Well, I was painting away and thinking about that sort of thing and the thinking was getting into the painting, the way it does, heavy and sad, spite of the light, but coming rather good, specially the feeling of sheer heat, when all of a sudden, close by my foot just below the lip of the bank a brown head popped into sight. It stared at me with big eyes, all the whites showing, put a finger to its lips and popped out of sight again. I almost dropped my brush but I don't suppose I really jumped much. When I glanced their way the spearmen weren't even looking.
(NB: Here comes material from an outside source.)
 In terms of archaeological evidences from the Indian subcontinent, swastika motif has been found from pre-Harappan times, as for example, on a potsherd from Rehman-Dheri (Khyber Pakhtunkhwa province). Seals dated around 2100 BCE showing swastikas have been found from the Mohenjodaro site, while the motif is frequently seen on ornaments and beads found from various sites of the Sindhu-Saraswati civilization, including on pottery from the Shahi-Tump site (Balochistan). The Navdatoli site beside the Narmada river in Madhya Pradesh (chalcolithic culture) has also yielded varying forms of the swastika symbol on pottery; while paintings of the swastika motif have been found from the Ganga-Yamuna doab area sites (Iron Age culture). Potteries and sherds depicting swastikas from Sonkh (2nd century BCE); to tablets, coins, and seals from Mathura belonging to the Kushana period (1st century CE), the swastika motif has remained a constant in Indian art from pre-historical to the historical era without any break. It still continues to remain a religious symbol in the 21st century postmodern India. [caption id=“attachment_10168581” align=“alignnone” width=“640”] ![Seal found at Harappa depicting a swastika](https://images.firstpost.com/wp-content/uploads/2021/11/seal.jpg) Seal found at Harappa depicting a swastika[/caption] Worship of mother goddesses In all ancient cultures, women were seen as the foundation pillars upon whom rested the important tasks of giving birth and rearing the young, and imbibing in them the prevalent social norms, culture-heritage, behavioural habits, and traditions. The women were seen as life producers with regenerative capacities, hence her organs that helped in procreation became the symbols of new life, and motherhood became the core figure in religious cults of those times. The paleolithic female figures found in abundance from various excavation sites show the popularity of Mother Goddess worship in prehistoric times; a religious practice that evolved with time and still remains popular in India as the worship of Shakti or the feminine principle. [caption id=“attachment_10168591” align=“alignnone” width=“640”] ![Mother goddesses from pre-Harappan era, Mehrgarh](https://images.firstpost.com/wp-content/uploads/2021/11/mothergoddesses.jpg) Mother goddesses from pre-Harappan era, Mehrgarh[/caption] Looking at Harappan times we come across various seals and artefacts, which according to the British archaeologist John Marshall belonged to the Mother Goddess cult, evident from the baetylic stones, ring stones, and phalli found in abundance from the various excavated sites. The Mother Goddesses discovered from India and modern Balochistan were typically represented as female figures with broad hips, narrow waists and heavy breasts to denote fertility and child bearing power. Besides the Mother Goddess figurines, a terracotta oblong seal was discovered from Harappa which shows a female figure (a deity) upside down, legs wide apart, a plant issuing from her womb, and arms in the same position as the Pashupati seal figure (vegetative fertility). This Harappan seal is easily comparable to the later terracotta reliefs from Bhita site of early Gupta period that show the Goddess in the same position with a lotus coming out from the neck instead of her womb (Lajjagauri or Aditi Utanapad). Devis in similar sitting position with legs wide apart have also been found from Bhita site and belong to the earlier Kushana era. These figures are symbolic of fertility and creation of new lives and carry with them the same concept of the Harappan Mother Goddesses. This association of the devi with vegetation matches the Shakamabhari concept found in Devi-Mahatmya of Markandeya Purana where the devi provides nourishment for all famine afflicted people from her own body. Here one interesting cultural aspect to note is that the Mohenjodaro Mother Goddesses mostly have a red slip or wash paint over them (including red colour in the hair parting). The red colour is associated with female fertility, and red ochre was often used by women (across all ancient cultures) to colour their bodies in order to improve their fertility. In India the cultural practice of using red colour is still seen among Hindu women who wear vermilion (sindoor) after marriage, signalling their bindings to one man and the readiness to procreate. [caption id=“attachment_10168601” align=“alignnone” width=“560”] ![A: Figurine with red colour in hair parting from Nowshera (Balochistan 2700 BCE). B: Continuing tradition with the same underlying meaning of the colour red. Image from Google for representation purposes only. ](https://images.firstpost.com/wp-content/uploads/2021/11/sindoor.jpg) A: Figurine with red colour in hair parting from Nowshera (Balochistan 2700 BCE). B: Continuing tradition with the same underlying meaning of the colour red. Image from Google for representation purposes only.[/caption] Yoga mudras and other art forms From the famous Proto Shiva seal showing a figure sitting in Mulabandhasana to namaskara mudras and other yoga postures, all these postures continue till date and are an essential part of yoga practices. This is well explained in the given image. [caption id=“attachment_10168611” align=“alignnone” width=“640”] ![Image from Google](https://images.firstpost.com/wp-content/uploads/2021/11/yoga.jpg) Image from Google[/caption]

Nothing happened. Soon I couldn't bear it so I twisted round and pretended to be looking for something in my satchel. She was just there, only a couple of feet below me, peering at me through spiky tussock on the edge of the bank. Two other women huddled against the bank behind her with their faces in the gravel but she was looking straight up. Naked of course, except for their grass collars and belts. I supposed they must have been inquisitive about the white woman and come sneaking along for a closer look, but 'cos of the spearmen I couldn't tell them to come up and be friendly. All I could do was smile. The woman put her fingers to her lips again.

“Do the horsemen listen?” she said.

Luckily those were easy words. “Horsemen” is what the Kitawa call the Hausa, not just 'cos some of them ride horses but 'cos they all
are
horses really. I say luckily 'cos actually Kiti's a terrible language for whispering—the tones almost disappear—if you've been talking it since you were tiny perhaps it's not so bad, but for me it's v. near impossible. That's why I'm not honestly sure I really understood anything else the women tried to tell me. Besides, when I was doctoring the women in the villages they soon realized I was a bit stupid at their language and spoke slowly and went back when I asked and so on. Now I couldn't even look at them. I had to pretend to go on painting almost at once.
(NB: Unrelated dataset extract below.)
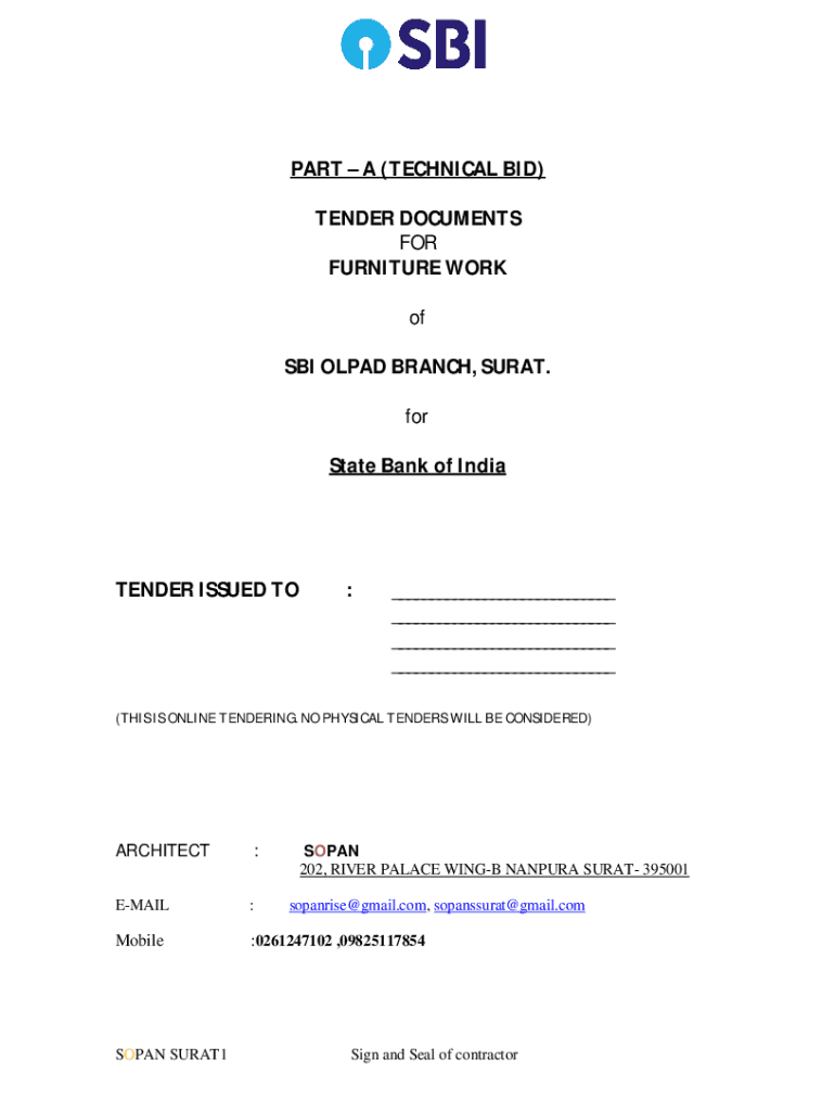 PART A (TECHNICAL BID) TENDER DOCUMENTS FOR FURNITURE WORK of SBI OLP AD BRANCH, SURAT. For State Bank of IndiaTENDER ISSUED TO:___ ___ ___ ___(THIS IS ONLINE TENDERING. NO PHYSICAL TENDERS WILL BE

“The horsemen are far off,” I said.

I looked at them as I twisted back to my easel. They still hadn't noticed. The women were muttering to each other below me. Suddenly I felt v. nervy, as tho' something important was going to happen and I wasn't sure I wanted it to.
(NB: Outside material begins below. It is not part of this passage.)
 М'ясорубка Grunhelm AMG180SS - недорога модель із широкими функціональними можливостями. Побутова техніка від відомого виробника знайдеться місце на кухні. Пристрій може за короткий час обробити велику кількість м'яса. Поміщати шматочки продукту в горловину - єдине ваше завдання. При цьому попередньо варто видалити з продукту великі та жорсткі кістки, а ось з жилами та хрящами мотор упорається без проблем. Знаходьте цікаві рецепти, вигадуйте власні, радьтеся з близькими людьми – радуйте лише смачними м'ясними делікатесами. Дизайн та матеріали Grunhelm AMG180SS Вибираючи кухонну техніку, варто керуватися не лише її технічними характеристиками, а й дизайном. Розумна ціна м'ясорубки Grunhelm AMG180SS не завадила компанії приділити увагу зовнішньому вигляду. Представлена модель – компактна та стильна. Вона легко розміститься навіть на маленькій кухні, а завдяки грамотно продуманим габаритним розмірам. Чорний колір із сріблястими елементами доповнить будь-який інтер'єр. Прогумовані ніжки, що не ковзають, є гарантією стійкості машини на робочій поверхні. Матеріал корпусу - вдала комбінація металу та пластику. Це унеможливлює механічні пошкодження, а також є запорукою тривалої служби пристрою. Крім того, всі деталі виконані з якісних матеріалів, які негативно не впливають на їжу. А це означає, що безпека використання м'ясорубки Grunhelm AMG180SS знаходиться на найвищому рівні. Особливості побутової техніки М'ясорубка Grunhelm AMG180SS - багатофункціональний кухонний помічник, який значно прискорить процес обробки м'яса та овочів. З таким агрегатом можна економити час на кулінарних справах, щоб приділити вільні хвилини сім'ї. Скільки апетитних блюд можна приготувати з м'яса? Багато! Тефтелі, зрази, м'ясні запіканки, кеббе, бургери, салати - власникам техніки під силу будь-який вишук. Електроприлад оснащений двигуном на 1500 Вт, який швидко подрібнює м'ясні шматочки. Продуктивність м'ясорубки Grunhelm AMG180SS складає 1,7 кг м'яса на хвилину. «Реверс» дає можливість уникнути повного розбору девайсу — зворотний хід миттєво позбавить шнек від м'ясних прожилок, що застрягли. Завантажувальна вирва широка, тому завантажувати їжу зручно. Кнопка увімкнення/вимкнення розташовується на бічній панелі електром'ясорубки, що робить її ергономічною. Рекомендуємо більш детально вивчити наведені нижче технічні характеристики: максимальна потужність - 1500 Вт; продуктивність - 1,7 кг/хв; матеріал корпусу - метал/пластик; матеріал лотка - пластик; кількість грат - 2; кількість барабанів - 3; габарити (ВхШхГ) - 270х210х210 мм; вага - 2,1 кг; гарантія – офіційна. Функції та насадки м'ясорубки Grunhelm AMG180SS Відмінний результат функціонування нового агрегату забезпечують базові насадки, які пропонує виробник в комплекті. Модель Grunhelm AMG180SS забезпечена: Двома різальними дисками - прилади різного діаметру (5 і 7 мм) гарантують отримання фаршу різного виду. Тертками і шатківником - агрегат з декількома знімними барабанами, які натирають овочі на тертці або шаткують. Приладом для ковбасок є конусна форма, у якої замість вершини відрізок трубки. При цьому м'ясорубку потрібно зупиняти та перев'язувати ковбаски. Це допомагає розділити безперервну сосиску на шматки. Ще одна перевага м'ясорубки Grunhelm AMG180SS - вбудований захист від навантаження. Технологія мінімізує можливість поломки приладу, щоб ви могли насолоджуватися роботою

“Femora Feng speaks,” one of them whispered. “I am the aunt of Elongo Sisefonge. He sends words that you are a friend.”

“A strong spirit in Femora Feng,” I whispered. “Betty Jackland speaks.”

This was all quite easy, of course. It's the usual form. I'd even got the right women's language for it, doing my doctoring. And the old woman the day before yesterday had told me about the business of “aunts”. I absolutely longed to turn round and look at the woman who'd done that for dear Elongo. She'd be older than him, of course, but she could still be young and pretty. What Africans think is pretty, anyway. (I've sometimes wondered—if I had a black skin would Africans think I was pretty? White men don't, as I am.)

Another long pause. More mutterings. Then …

“The White Man is the friend of Kama Boi.”

“That is and is not,” I said—useful phrase—the Kitawa say it a lot. “I am the friend of the Kitawa. I am strongly the friend of Elongo Sisefonge.”